The hilar vessels can be visualized as they enter the splenic parenchyma (A). Using hemostatic forceps, bluntly isolate the vessels (B). Using 3-0 absorbable suture, circumferentially double ligate the hilar pedicles (C and D). Before transecting the vessel, place hemostatic forceps on the pedicle close to the spleen (E); this will help prevent splenic bleeding. Repeat this step for all vessels along the splenic hilus until the spleen is removed (F).
After removing the spleen, biopsy any other grossly abnormal tissue. Check the splenic pedicles and biopsy sites for appropriate hemostasis, then gently lavage with warm sterile saline and evacuate the fluid. Perform routine abdominal closure.
Submit the spleen and tissue for histopathologic evaluation.

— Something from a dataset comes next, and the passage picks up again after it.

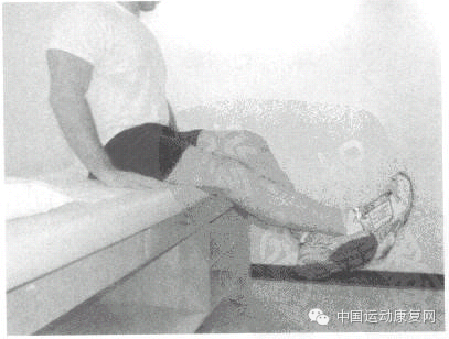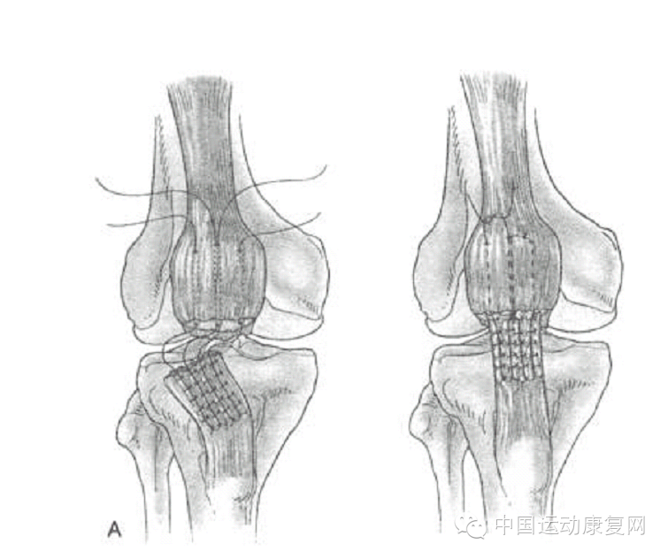 手术概述   一、髌腱断裂修复   多数髌腱断裂发生于骨骼与肌腱接合处,髌腱体部断裂很少出现,并且这种断裂很难修复。髌腱撕裂可以用不可吸收缝线将肌腱的内、外两部分缝合。先打一个横跨髌骨下级的骨道,在髌骨上方和下方分别钻几个孔,然后将缝线从下方穿入,在上方穿出并且打结(图1—A)。体部撕裂修复可使用交锁缝合,连接髌腱的远近端(图1—B)。如果需要的话,可以使用环扎缝线、同种异体肌腱移植或者膝关节周围肌肉组织,以加强修复的效果。         图1髌腱断裂修复。A.撕裂修复B.体部断裂修复   二、股四头肌肌腱断裂修复   股四头肌腱断裂常见于髌骨上极骨骼肌腱接合处。凿一个水平通过髌骨上极的骨道,在靠近骨道底部的位置钻孔,将缝线由肌腱穿过通过钻孔后再缝合于肌腱(图2)。急性体部撕裂可以直接修复,使用正中切口,清理远近断端,然后用不可吸收缝线将两个断端缝合,拉紧打结。      图2急性股四头肌腱断裂修复   康复概述   在股四头肌腱或者髌腱断裂修复术后,将患者的下肢置于锁定在0度伸直位的膝关节康复支具中。在不复杂的急性伸膝装置断裂修复后,如果患者可以耐受,将支具锁定于完全伸直位下逐渐负重。   髌腱及股四头肌腱断裂修复术后康复治疗主要分为以下几个阶段:   术后第一阶段:最大程度保护(第0~6周)   目标   ·控制术后疼痛和肿胀   ·使患者本人理解修复部位需要严格保护   ·逐渐增加膝关节屈曲角度(医生指导下)   比如:0~3周由0°增加至45°,4~6周由45°增至90°   ·避免发生股四头肌抑制   ·独立进行家庭治疗练习计划(HEP)   注意事项   ·避免膝关节主动伸直(图3)      ·保持支具的正确对线   ·避免在支具没有锁定于0°位时行走   ·避免强行屈膝,遵守医生规定的关节活动度限制   治疗措施   ·冰敷   ·教会患者如何使用支具(锁定,仅在关节活动度练习时解锁)   ·持续被动活动设备CPM   ·坐位主动和辅助下主动膝关节屈曲练习,被动伸直(图4)   如果患者遵守膝关节活动度限制,可在去除支具的情况下进行练习      ·股四头肌再训练(神经肌肉电刺激下或生物反馈下股四头肌次强收缩)   ·多角度股四头肌等长收缩   ·将支具锁定于0°直腿抬高   ·瘢痕松动术   ·髌骨松动术   ·步态训练:将支具锁定于完全伸直位,使用拐杖在可以耐受的情况下 渐进性负重,然后进展到将支具锁定于伸直位,使用手杖在可以耐受的情况下负重   ·如果需要,用上肢肌力练习仪(UBE)来训练心血管系统   晋级标准   ·关节活动度达到0°~90°   ·髌骨活动度良好   ·直腿抬高不出现迟滞   ·支具锁定于0°伸直位,使用手杖无痛负重   术后第二阶段:中度程度保护(第6~11周)   目标   ·将疼痛和肿胀降到最低限度   ·使患者理解活动限制   ·恢复膝关节屈曲活动度至125°   ·在不使用辅助设备的情况下恢复正常步态   ·患者能登上500px高的台阶   注意事项   ·避免过度肌力练习   ·避免因活动等级增加多快而增加膝关节渗出和疼痛   ·避免过度屈膝关节活动度练习   治疗措施   ·冰敷   ·步态训练:—旦患者达到良好的股四头肌控制,可将支具的60°屈曲锁定解除   ·去除支具(股四头肌控制良好,与医生沟通)   ·水池中行走或水下踏车系统行走   ·主动或辅助下主动膝关节屈曲练习   ·继续进行髌骨松动术   ·腿部蹬踏器(双侧),如果关节活动度大于90°可进展到离心及单侧(图5)      ·离心腿部蹬踏。当腿部控制改善后,进行离心腿部蹬踏练习   (双侧蹬踏练习中大约使用60%的体重)。   ·当膝关节屈曲达到110°~115°时可使用正常正常自行车(标准柄长)   ·开始向前上台阶练习   ·开始静蹲练习,在舒适范围内滑墙练习   ·本体感觉练习(图6)      ·逆向行走   ·开始股四头肌柔韧性练习   晋级标准   ·关节渗出减少至消失   ·膝关节屈曲活动度至少达125°   ·正常髌骨活动度   ·良好的下肢控制——无伸膝迟滞   ·能登上500px高的台阶   ·正常及对称的步态姿势   术后第三阶段:早期功能恢复(术后第11~16周)   目标   ·完全膝关节活动度   ·增加股四头肌和下肢柔韧性   ·在良好的离心控制下走下500px高的台阶   ·恢复正常的日常生活活动   ·在向前下台阶(FSD)测试中达到85%的肢体对称性   ·独立进行家庭/健身房治疗练习计划   注意事项   ·避免在每日活动和治疗练习中引起疼痛   ·在达到充分的股四头肌力量和下肢控制之前避免下台阶练习   ·在达到充分的关节活动度、肌力和柔韧性之前避免高级别的体育活动   治理措施   ·继续膝关节屈曲活动度练习   ·加入股四头肌群柔韧性练习   ·软组织按摩、肌筋膜放松和收缩-放松技术   ·进一步闭链练习:进一步台阶计划   ·开始向前下台阶练习   ·渐进性静蹲练习   ·如果可以耐受,加入开链伸膝练习(等速/等长)   ·高一级本体感觉练习   ·灵活性训练   ·踏步机训练   ·逆向跑   ·术后4个月进行向前下台阶测试   ·患者重复和遵守家庭/健身房治疗计划   晋级标准   ·到达完全膝关节活动度   ·充分的股四头肌力量和下肢柔韧性   ·具有良好的离心腿部控制,能走下500px高的台阶   (在向前下台阶测试中达到85%的肢体对称性)   ·在日常生活活动中——行走及双向台阶跨越,保持无痛   ·遵守家庭/健身房治疗练习计划   术后第四阶段:晚期功能恢复/重反体育运动(第16~24周)   目标   ·不惧怕专项体育运动   ·肌力和灵活

IV fluids should be continued postoperatively and matched to meet the patient’s needs. Ongoing monitoring should include serial packed cell volume checks, continuous ECG for assessment of changes in heart rate and rhythm, twice-daily urine output assessment, body weight monitoring, and serial venous blood gas and lactate monitoring. IV opioid analgesics should be administered for at least 24 to 48 hours before weaning or switching to oral analgesic medications. Perioperative antibiotics should not be required for longer than 24 hours unless splenectomy was performed for splenic abscess, in which case antibiotics should be chosen based on results of culture and susceptibility testing and administered for 10 to 14 days.